Adult neural stem cells (NSCs) are essential for brain homeostasis but suffer from proliferative declines and cellular senescence with age.8 The decreased proliferation,9, 10 increased G0/G1 cell cycle arrest and reduced neuronal neurogenesis11 gradually result in the loss of repair and regeneration capacity, contributing to neural aging and disorders such as olfactory dysfunction,12 spatial memory deficits13 and neurodegenerative diseases.14, 15 Various intrinsic factors can modulate this functional decline and thus brain aging.16, 17, 18, 19 For example, the age-dependent increase of the senescence regulators (e.g., p16) contributes to the diminishing of aged NSC pool.20 Adult neurogenesis is also sensitive to environmental stress (e.g., DNA damage). A single dose of 10 Gy radiation exposure led to long-lasting cognitive impairment21 and deficiency in DNA double-strand break (DSB) repair could result in precocious neurogenesis and ultimately decreased neuronal production.22 Despite these progresses, molecular characterizations of the responses of adult NSCs to DNA damage and their functional importance are largely absent.23 Equally lacking is whether and how adult NSCs have developed compensatory mechanisms to combat the devastating consequences caused by excessive DNA damage and aging.

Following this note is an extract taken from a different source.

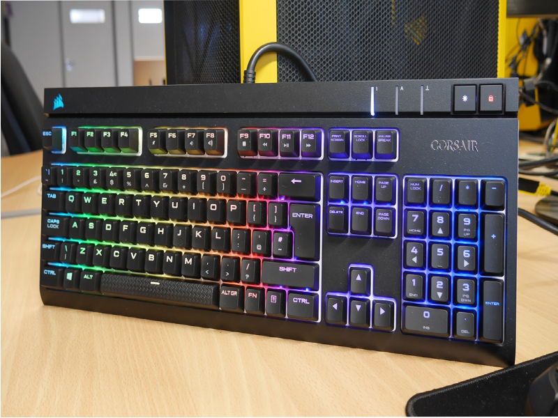 Mẫu bàn phím Corsair Strafe RGB Silent sử dụng đèn led đa màu sắc đi cùng đó có phần kê tay có thể tháo rời giúp người dùng không bị mỏi tay sau một thời gian sử dụng

The aging of NSCs is a difficult subject to study, on one hand, because of the sparsity and no easy accessibility of in vivo experimental materials and, on the other hand, because of the lack of proper models to manipulate the key genes and examine the molecular mechanisms within relatively short periods of time. Thus, establishing in vitro models of NSC aging becomes vital to elucidate NSC aging mechanisms. Hydroxyurea (HU) initially used as an antineoplastic drug24 represses the ribonucleotide reductase and decreases the production of deoxyribonucleotides. Thus, it can incur DSBs near replication forks and function as a DNA replication inhibitor for both nuclear and mitochondrial DNA, causing cellular and mitochondrial stress and dysfunction.25 It can induce senescence-like changes in various cell lines but in NSCs its effect remains undetermined.26

In the current study, utilizing HU treatment we have optimized and carefully characterized a cellular NSC aging model that could recapture many of the aging attributes. Further proteomics analysis unraveled molecular networks related to diverse aging hallmarks, suggesting the broad utilities of our cellular model for mechanistic dissection of NSC and neural aging.

Results

Establishment and characterization of primary NSC culture

NSCs from the subventricular zone (SVZ) of postnatal day 7 (P7) mice were cultured in the presence of epidermal growth factor (EGF) and basic fibroblast growth factor (bFGF) and formed neurospheres in vitro (Supplementary Figure S1A). During subculturing, the NSC culture maintained their stem cell characteristics and stained positively for Nestin and SOX2 (Supplementary Figure S1B). It can also undergo differentiation toward neurons, astrocytes and oligodendrocytes (Supplementary Figures S2 and S3).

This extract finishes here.